#### Directions
Nothing but the pictures may be dropped; the rest of the listing is to be written out exactly.

#### Data excerpt
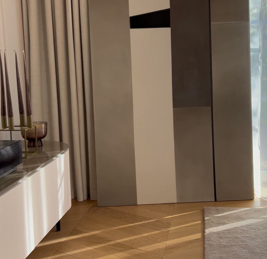 Z potrzeby stworzenia bardziej wyrazistych prac, zastosowania większej ilości kolorów, ich łączenia przenikania się, powstał cykl Balancing. Prace z tego cyklu odzwierciedlają moje zamiłowanie do naturalnej palety kolorystycznej. Dają też możliwość pracy koncepcyjnej, gdyż pierwszy etap powstawania prac z tego cyklu to projekt w postaci rysunku w formie elektronicznej. Kompozycje prac z cyklu Balancing, łączą w sobie organiczne i bardziej graficzne formy, które dają poczucie równowagi. Figury łączą się, współgrają, łagodzą i wzmacniają jednocześnie. Jest tu także widoczne zamiłowanie do struktur. Przejawia się w żłobieniach, akcentach wykonanych masą pumeksową, czy masą strukturalną. Tytułowe „balansowanie” odnosi się do wielu aspektów: wrażenia, kompozycji, kolorystyki, a także mojej pracy twórczej, która balasuje na pograniczu różnych technik.
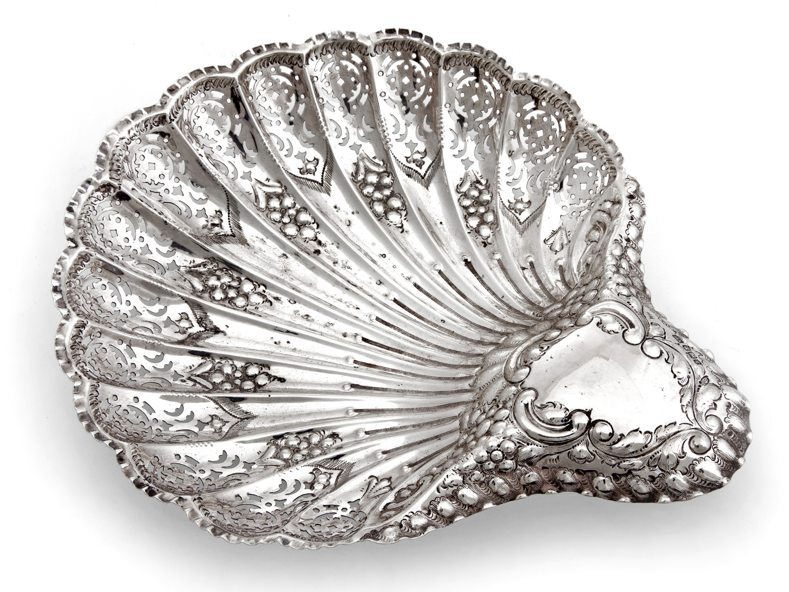 Large Silver Shell Shaped Bon Bon Dish with a Pierced Body and Crimped Edge Border
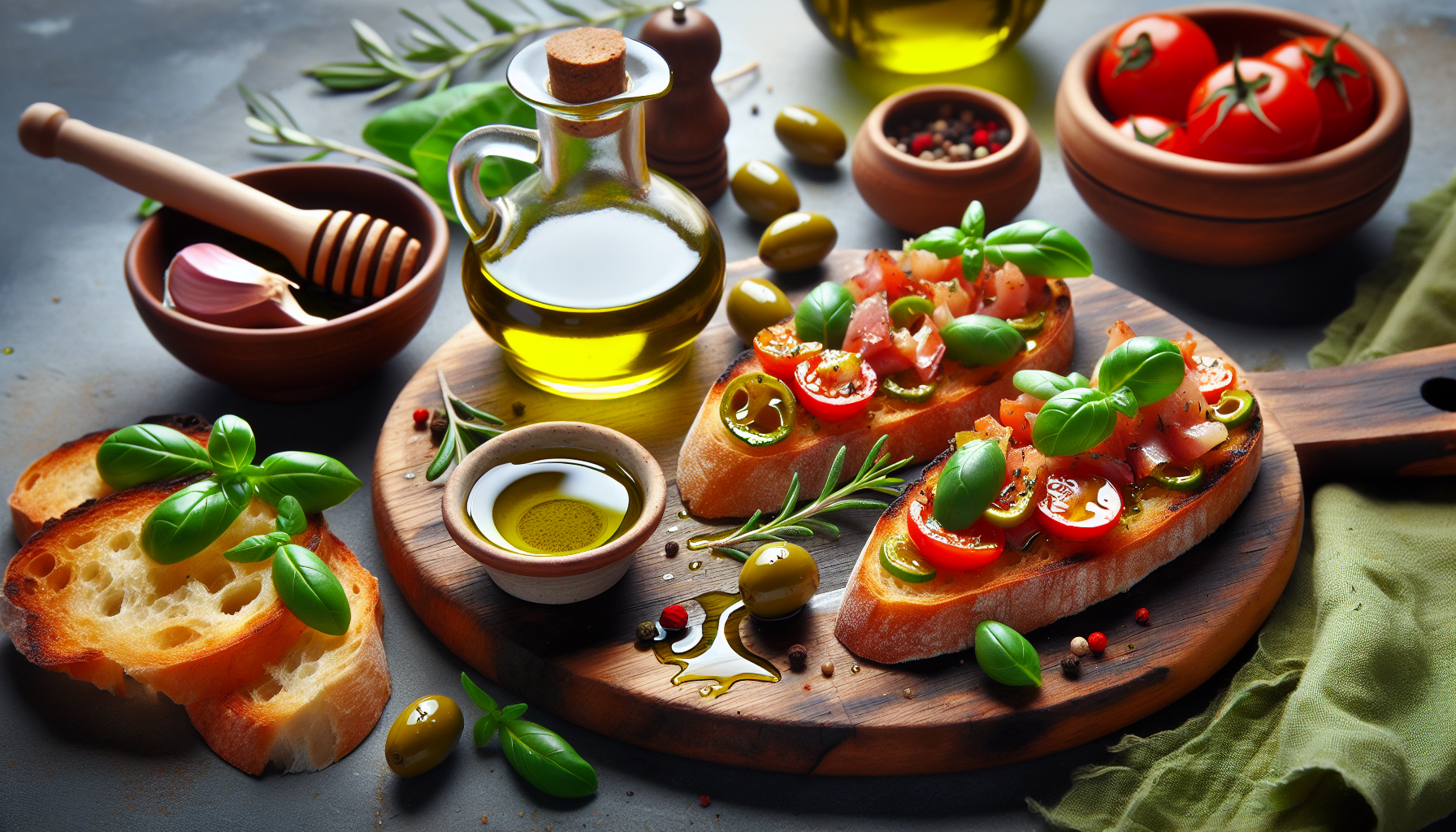 Bruschetta cu ulei de măsline este un preparat culinar cu o istorie bogată și o versatilitate incredibilă. Acest fel de mâncare, deși simplu la prima vedere, oferă multiple variații și arome care pot satisface și cele mai pretențioase gusturi. Componenta principală, pâinea prăjită, servește ca un fundal perfect pentru bogăția de arome pe care o oferă uleiul de măsline extravirgin, acompaniat frecvent de roșii proaspete, usturoi, busuioc și alte ingrediente opționale. Prin combinarea acestor elemente, bruschetta nu doar că amplifică gusturile tradiționale mediteraneene, dar devine și un simbol al ospitalității și convivialității italiene.
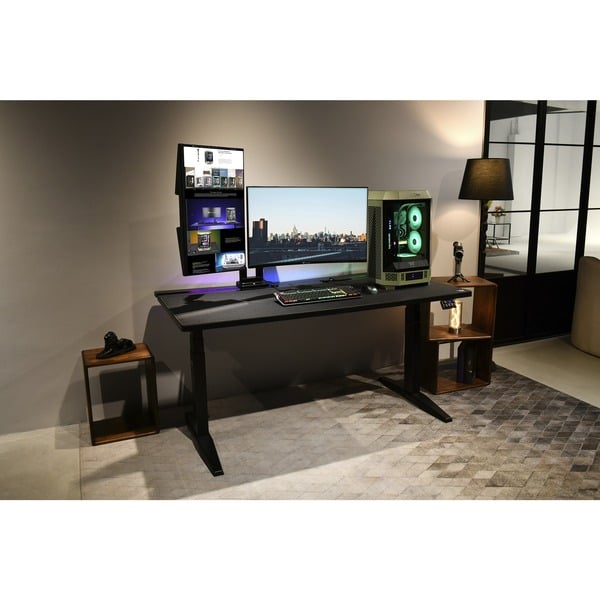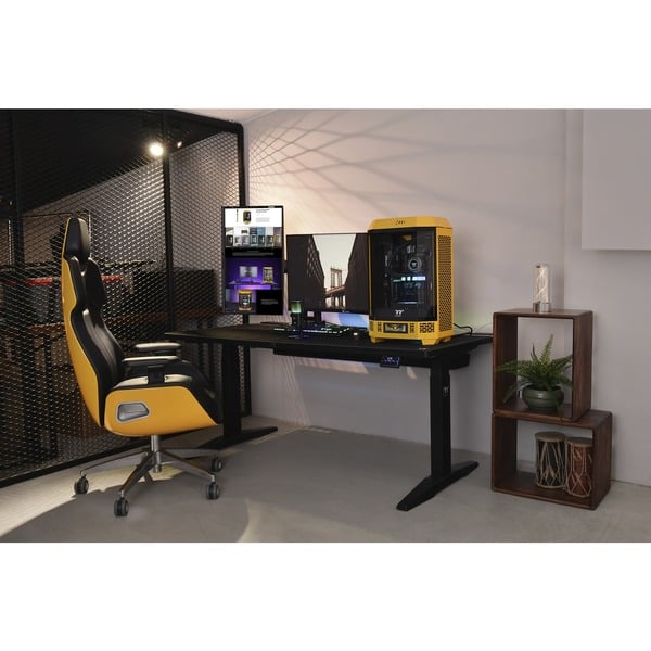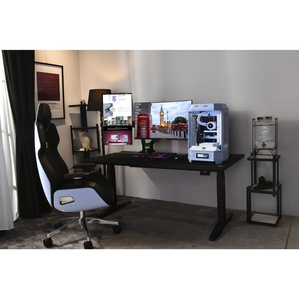 Der G700 RGB Gaming Desk von Thermaltake definiert die Platzausnutzung auf dem Schreibtisch neu und bietet unendlich viele Möglichkeiten für das Setup. Er verbindet äußeres Design mit Funktionen, die sowohl für den Einsatz im Büro als auch fürs Zocken konzipiert wurden. Das ultimative Ablagesystem des G700 ist ein einzigartiges und fortschrittliches Merkmal. Es verfügt über ein unverwechselbares zweiteiliges Tischplattendesign, wobei die eigentliche Tischplatte aufklappbar ist und direkten Zugriff auf das darunter liegende Kabelmanagementfach bietet, was für einen aufgeräumten Arbeitsbereich sorgt und die Kreativität fördert. Der G700 lässt sich elektrisch zwischen 61cm und 125cm stufenlos in der Höhe verstellen und bietet die Möglichkeit, zwei Positionen zu speichern. Die innovative Screen Glide-Schiene aus hochwertiger Aluminiumlegierung ermöglicht auch bei Verwendung eines Monitor Arm die flexible Neupositionierung von Monitoren. Der 6-Tasten-Controller sorgt für einfache Bedienung und die digitale Anzeige informiert über die genaue Höheneinstellungen. Das intelligente Bedienfeld verfügt über langlebige schwarze Schalter und kann bis zu zwei Höhenspeichereinstellungen vornehmen. Zur Wahl stehen sieben verschiedene Lichteffekte (Statisch, Buntes Neon, Flimmern, Buntes Flimmern, Reaktiv, Spectrum Running).Art.-Nr.: 100076765

#### Solution to the exercise
 Z potrzeby stworzenia bardziej wyrazistych prac, zastosowania większej ilości kolorów, ich łączenia przenikania się, powstał cykl Balancing. Prace z tego cyklu odzwierciedlają moje zamiłowanie do naturalnej palety kolorystycznej. Dają też możliwość pracy koncepcyjnej, gdyż pierwszy etap powstawania prac z tego cyklu to projekt w postaci rysunku w formie elektronicznej. Kompozycje prac z cyklu Balancing, łączą w sobie organiczne i bardziej graficzne formy, które dają poczucie równowagi. Figury łączą się, współgrają, łagodzą i wzmacniają jednocześnie. Jest tu także widoczne zamiłowanie do struktur. Przejawia się w żłobieniach, akcentach wykonanych masą pumeksową, czy masą strukturalną. Tytułowe „balansowanie” odnosi się do wielu aspektów: wrażenia, kompozycji, kolorystyki, a także mojej pracy twórczej, która balasuje na pograniczu różnych technik.
 Large Silver Shell Shaped Bon Bon Dish with a Pierced Body and Crimped Edge Border
 Bruschetta cu ulei de măsline este un preparat culinar cu o istorie bogată și o versatilitate incredibilă. Acest fel de mâncare, deși simplu la prima vedere, oferă multiple variații și arome care pot satisface și cele mai pretențioase gusturi. Componenta principală, pâinea prăjită, servește ca un fundal perfect pentru bogăția de arome pe care o oferă uleiul de măsline extravirgin, acompaniat frecvent de roșii proaspete, usturoi, busuioc și alte ingrediente opționale. Prin combinarea acestor elemente, bruschetta nu doar că amplifică gusturile tradiționale mediteraneene, dar devine și un simbol al ospitalității și convivialității italiene.
 Der G700 RGB Gaming Desk von Thermaltake definiert die Platzausnutzung auf dem Schreibtisch neu und bietet unendlich viele Möglichkeiten für das Setup. Er verbindet äußeres Design mit Funktionen, die sowohl für den Einsatz im Büro als auch fürs Zocken konzipiert wurden. Das ultimative Ablagesystem des G700 ist ein einzigartiges und fortschrittliches Merkmal. Es verfügt über ein unverwechselbares zweiteiliges Tischplattendesign, wobei die eigentliche Tischplatte aufklappbar ist und direkten Zugriff auf das darunter liegende Kabelmanagementfach bietet, was für einen aufgeräumten Arbeitsbereich sorgt und die Kreativität fördert. Der G700 lässt sich elektrisch zwischen 61cm und 125cm stufenlos in der Höhe verstellen und bietet die Möglichkeit, zwei Positionen zu speichern. Die innovative Screen Glide-Schiene aus hochwertiger Aluminiumlegierung ermöglicht auch bei Verwendung eines Monitor Arm die flexible Neupositionierung von Monitoren. Der 6-Tasten-Controller sorgt für einfache Bedienung und die digitale Anzeige informiert über die genaue Höheneinstellungen. Das intelligente Bedienfeld verfügt über langlebige schwarze Schalter und kann bis zu zwei Höhenspeichereinstellungen vornehmen. Zur Wahl stehen sieben verschiedene Lichteffekte (Statisch, Buntes Neon, Flimmern, Buntes Flimmern, Reaktiv, Spectrum Running).Art.-Nr.: 100076765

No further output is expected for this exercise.